Our results in part support and in part diverge from a series of recent papers implicating pathways between PFC and basal ganglia as critical for OCD DBS [12, 26,27,28]. PAC to thalamus tracts were implicated in both YBOCS and MADRS response, and were the most positively weighted in our mass-univariate approach. Our white matter integrity analysis identified the same tracts as having the largest effect size (necessity). Also similar to that prior work, we found that activation of connections to medial OFC produced numerically worse outcomes. Inconsistent with the prior work [12, 26,27,28], we found negative correlations (in the mass univariate analysis) or null effects (in the predictive models) specifically for tracts connecting PFC to STN or vlPFC to thalamus. This again may reflect the importance of patient-specific imaging. Given that we have previously shown these tracts to have substantial inter-individual variability in their position within the internal capsule [34], and that here we note them to have similar variability in their overall integrity, a normative connectomic analysis may not reflect the actual fibers being successfully modulated in DBS cases. Alternatively, our results may highlight programming and surgical differences. These patients were implanted and programmed following the approach in [62], which emphasizes an initial search for a positive affective response. Other centers have reported very different programming algorithms [63], based more on standard anatomic positions. If response correlates with, e.g., the quality of concomitant therapy [26, 64] or general clinical expertise [65], those factors will likely be strongly correlated with the programming clinician, and thus will spuriously load onto the tracts and implant locations that clinician happens to prefer. Most importantly, our results highlight the importance of applying analyses designed specifically to identify clinical predictors [37]. Interestingly, we found that OFC engagement predicted worse OCD clinical response. OFC-originating components of cortico-striato-thalamic circuits are heavily emphasized in theoretical [21, 22, 30] and animal [31, 33, 66] models of OCD, and these findings may contribute to an ongoing debate over those models.

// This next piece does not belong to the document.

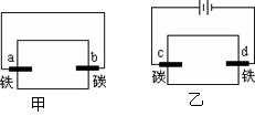 12. 滴有酚酞和氯化钠试液的湿润滤纸分别做甲、乙两个实验,能发现附近变成红色的电极是( )

These results are tempered by three limitations. First, our sample size is small, consistent with the rarity of these patients [67]. Second, imaging was not performed on a connectome-optimized scanner. The 3T MRI used in this study has relatively weak gradients that influence our maximum image resolution. Scanning at 7 Tesla (as has now become more common [68]) might identify more tracts. Third, we used relatively simple models of DBS activation. All of these add noise, reducing our ability to detect subtle correlations, particularly given DTI’s susceptibility to false positives [14]. Practically, however, these limitations may not affect the clinical importance of our findings. We mitigated the lower resolution of these scans by use of an algorithm that is specifically designed to perform well in the presence of noise [46] and ensuring that our extracted tracts matched known, anatomically verified fiber bundles [49]. Regarding sample size, small samples tend to inflate effect sizes and bias towards positive conclusions [69], not the negative result we report. Most importantly, for a tractographic result to be sufficiently reliable to inform clinical targeting/programming, it would need to have a large and clear influence on outcomes, with robustness to minor variations in analytic or clinical technique. Such a large effect would be clearly detectable and consistent across studies even at small sample sizes, like the clinical effect of VCVS DBS, which shows consistent 60–70% response rates across many small to medium cohorts [57, 59, 70,71,72]. We verified this by showing that the present dataset would have been sufficient to identify a relatively modest tractography-to-outcome correlation of 0.5. In that context, failure to identify a significant predictor in this sample is relevant to both clinical practice and future study design. Our results identify the limits of current methods, and suggest a floor below which a biomarker would be unlikely to provide clinical value.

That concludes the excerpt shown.